Interaction effects model
- Demo: Fit a model to predict interest rate from credit utilization and homeownership, with an interaction effect between the two predictors. Display the summary output and write out the estimated regression equation.
<- linear_reg() |>
rate_util_home_int_fit fit(interest_rate ~ credit_util * homeownership, data = loans)
tidy(rate_util_home_int_fit)
# A tibble: 6 × 5
term estimate std.error statistic p.value
<chr> <dbl> <dbl> <dbl> <dbl>
1 (Intercept) 9.44 0.199 47.5 0
2 credit_util 6.20 0.325 19.1 1.01e-79
3 homeownershipMortgage 1.39 0.228 6.11 1.04e- 9
4 homeownershipOwn 0.697 0.316 2.20 2.75e- 2
5 credit_util:homeownershipMortgage -1.64 0.457 -3.58 3.49e- 4
6 credit_util:homeownershipOwn -1.06 0.590 -1.80 7.24e- 2
\[ \widehat{interest~rate} = 9.44 + 6.20 \times credit~util + 1.39 \times Mortgage + 0.697 \times Own - 1.64 \times credit_util:Mortgage - 1.06 \times credit_util:Own \]
- Demo: Write the estimated regression equation for loan applications from each of the homeownership groups separately.
- Rent: \(\widehat{interest~rate} = 9.44 + 6.20 \times credit~util\)
- Mortgage: \(\widehat{interest~rate} = 10.83 + 4.56 \times credit~util\)
- Own: \(\widehat{interest~rate} = 10.137 + 5.14 \times credit~util\)
- Question: How does the model predict the interest rate to vary as credit utilization varies for loan applicants with different homeownership status. Are the rates the same or different?
Different.
Choosing a model
Rule of thumb: Occam’s Razor - Don’t overcomplicate the situation! We prefer the simplest best model.
glance(rate_util_home_fit)
# A tibble: 1 × 12
r.squared adj.r.…¹ sigma stati…² p.value df logLik AIC BIC devia…³
<dbl> <dbl> <dbl> <dbl> <dbl> <dbl> <dbl> <dbl> <dbl> <dbl>
1 0.0682 0.0679 4.83 244. 1.25e-152 3 -29926. 59861. 59897. 232954.
# … with 2 more variables: df.residual <int>, nobs <int>, and abbreviated
# variable names ¹adj.r.squared, ²statistic, ³deviance
glance(rate_util_home_int_fit)
# A tibble: 1 × 12
r.squared adj.r.…¹ sigma stati…² p.value df logLik AIC BIC devia…³
<dbl> <dbl> <dbl> <dbl> <dbl> <dbl> <dbl> <dbl> <dbl> <dbl>
1 0.0694 0.0689 4.83 149. 4.79e-153 5 -29919. 59852. 59903. 232652.
# … with 2 more variables: df.residual <int>, nobs <int>, and abbreviated
# variable names ¹adj.r.squared, ²statistic, ³deviance
- Review: What is R-squared? What is adjusted R-squared?

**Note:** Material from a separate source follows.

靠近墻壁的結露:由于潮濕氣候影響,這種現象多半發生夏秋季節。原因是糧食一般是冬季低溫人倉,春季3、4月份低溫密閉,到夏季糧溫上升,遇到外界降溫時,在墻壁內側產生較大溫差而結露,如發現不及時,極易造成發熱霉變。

R-squared is the percent variability in the response that is explained by our model. (Can use when models have same number of variables for model selection)

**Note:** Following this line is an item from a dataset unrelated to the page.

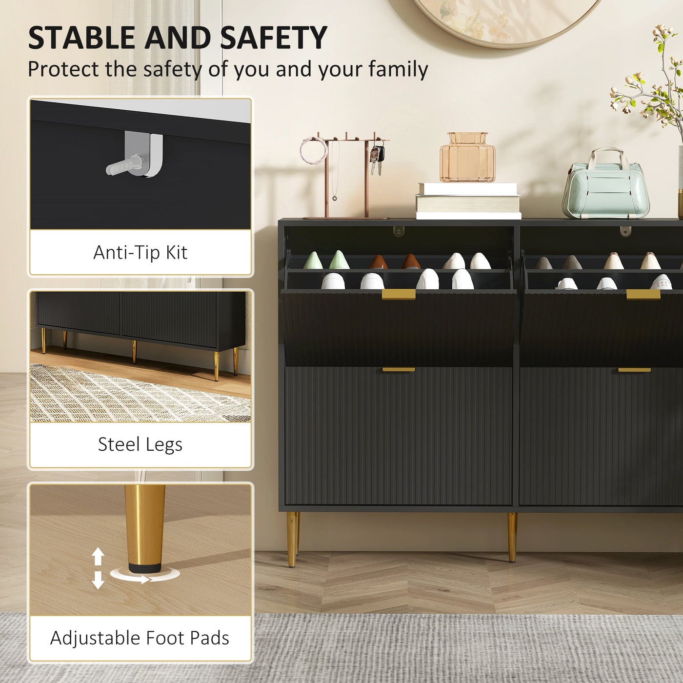 Transform your entryway with the HOMCOM shoe storage cabinet, featuring elegant fluted panel doors and gold tone handles that exude...

Adjusted R-squared is similar, but has a penalty for the number of variables in the model. (Should use for model selection when models have different numbers of variables).
- Question: Based on the adjusted \(R^2\)s of these two models, which one do we prefer?
The interaction effects model, though just barely.
Another model to consider
- Your turn: Let’s add one more model to the variable – issue month. Should we add this variable to the interaction effects model from earlier?
linear_reg() |>
fit(interest_rate ~ credit_util * homeownership + issue_month, data = loans) |>
glance()
# A tibble: 1 × 12
r.squared adj.r.…¹ sigma stati…² p.value df logLik AIC BIC devia…³
<dbl> <dbl> <dbl> <dbl> <dbl> <dbl> <dbl> <dbl> <dbl> <dbl>
1 0.0694 0.0688 4.83 106. 5.62e-151 7 -29919. 59856. 59921. 232641.
# … with 2 more variables: df.residual <int>, nobs <int>, and abbreviated
# variable names ¹adj.r.squared, ²statistic, ³deviance
No, the adjusted R-squared goes down.